- [Dataset extract]:
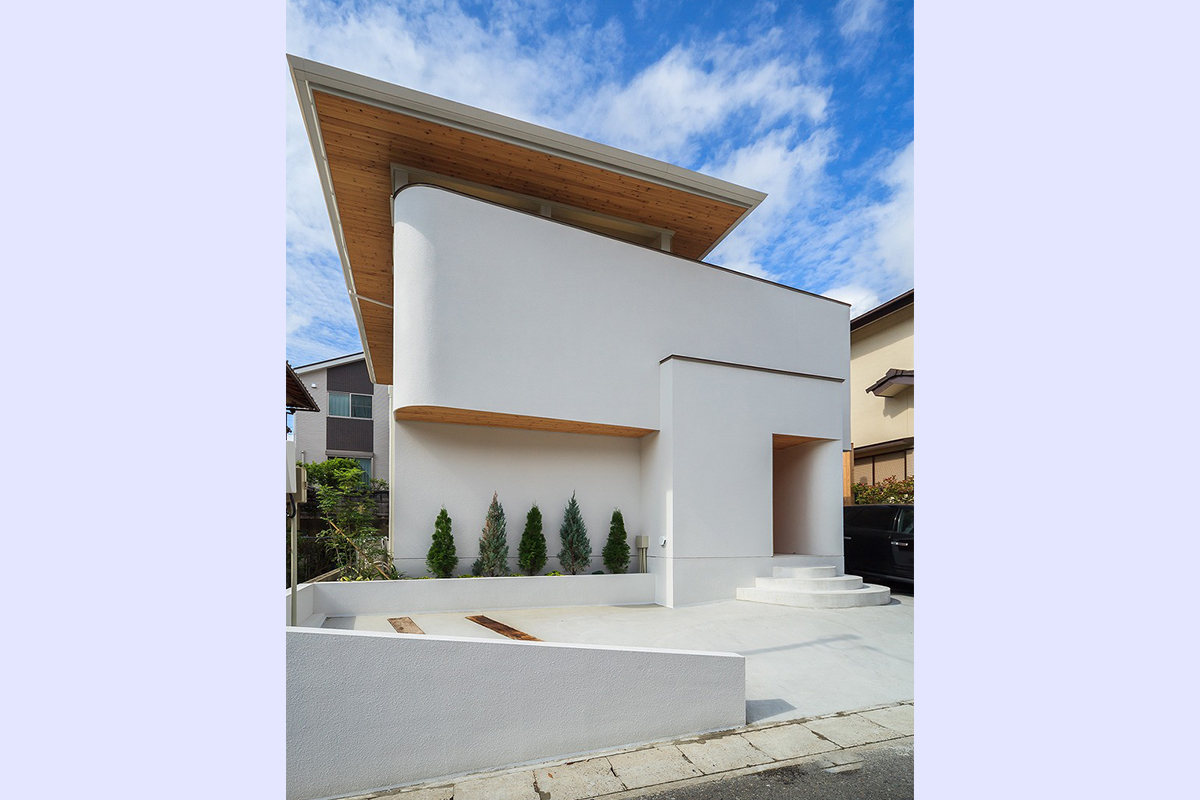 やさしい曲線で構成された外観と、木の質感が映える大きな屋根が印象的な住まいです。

---

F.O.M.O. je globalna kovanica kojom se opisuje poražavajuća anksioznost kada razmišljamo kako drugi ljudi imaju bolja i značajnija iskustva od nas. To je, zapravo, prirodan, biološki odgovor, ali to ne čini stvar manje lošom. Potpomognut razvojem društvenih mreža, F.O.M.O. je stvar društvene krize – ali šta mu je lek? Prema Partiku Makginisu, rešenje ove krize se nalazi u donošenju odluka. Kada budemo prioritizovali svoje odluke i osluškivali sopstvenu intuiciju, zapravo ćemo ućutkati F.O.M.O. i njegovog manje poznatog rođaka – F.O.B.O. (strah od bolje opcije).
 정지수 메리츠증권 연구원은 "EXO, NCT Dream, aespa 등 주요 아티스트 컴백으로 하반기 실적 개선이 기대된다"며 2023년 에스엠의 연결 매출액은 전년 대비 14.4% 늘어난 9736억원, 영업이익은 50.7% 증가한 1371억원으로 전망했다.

...

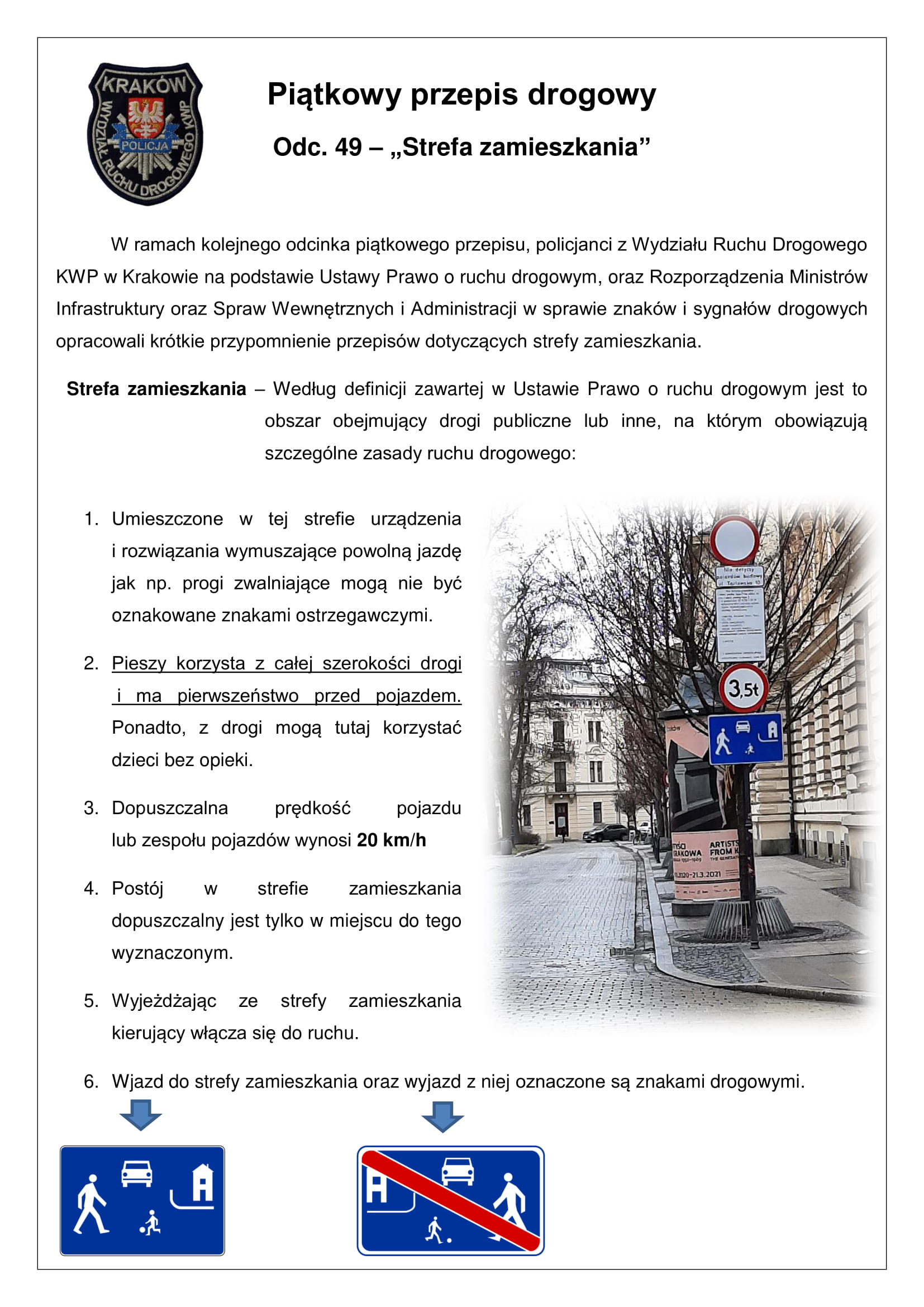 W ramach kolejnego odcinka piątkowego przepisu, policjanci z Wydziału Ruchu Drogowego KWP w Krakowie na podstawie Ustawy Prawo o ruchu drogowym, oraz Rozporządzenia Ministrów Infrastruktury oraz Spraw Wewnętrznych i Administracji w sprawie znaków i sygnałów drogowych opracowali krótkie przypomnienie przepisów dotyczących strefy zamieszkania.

- [Exercise description]: Where the data above reaches the line holding "F.O.M.O. je globalna", begin printing, and stop after the line holding "정지수 메리츠증권 연구원은". Each line must be reproduced exactly, with nothing else added.

- [The answer]:
F.O.M.O. je globalna kovanica kojom se opisuje poražavajuća anksioznost kada razmišljamo kako drugi ljudi imaju bolja i značajnija iskustva od nas. To je, zapravo, prirodan, biološki odgovor, ali to ne čini stvar manje lošom. Potpomognut razvojem društvenih mreža, F.O.M.O. je stvar društvene krize – ali šta mu je lek? Prema Partiku Makginisu, rešenje ove krize se nalazi u donošenju odluka. Kada budemo prioritizovali svoje odluke i osluškivali sopstvenu intuiciju, zapravo ćemo ućutkati F.O.M.O. i njegovog manje poznatog rođaka – F.O.B.O. (strah od bolje opcije).
 정지수 메리츠증권 연구원은 "EXO, NCT Dream, aespa 등 주요 아티스트 컴백으로 하반기 실적 개선이 기대된다"며 2023년 에스엠의 연결 매출액은 전년 대비 14.4% 늘어난 9736억원, 영업이익은 50.7% 증가한 1371억원으로 전망했다.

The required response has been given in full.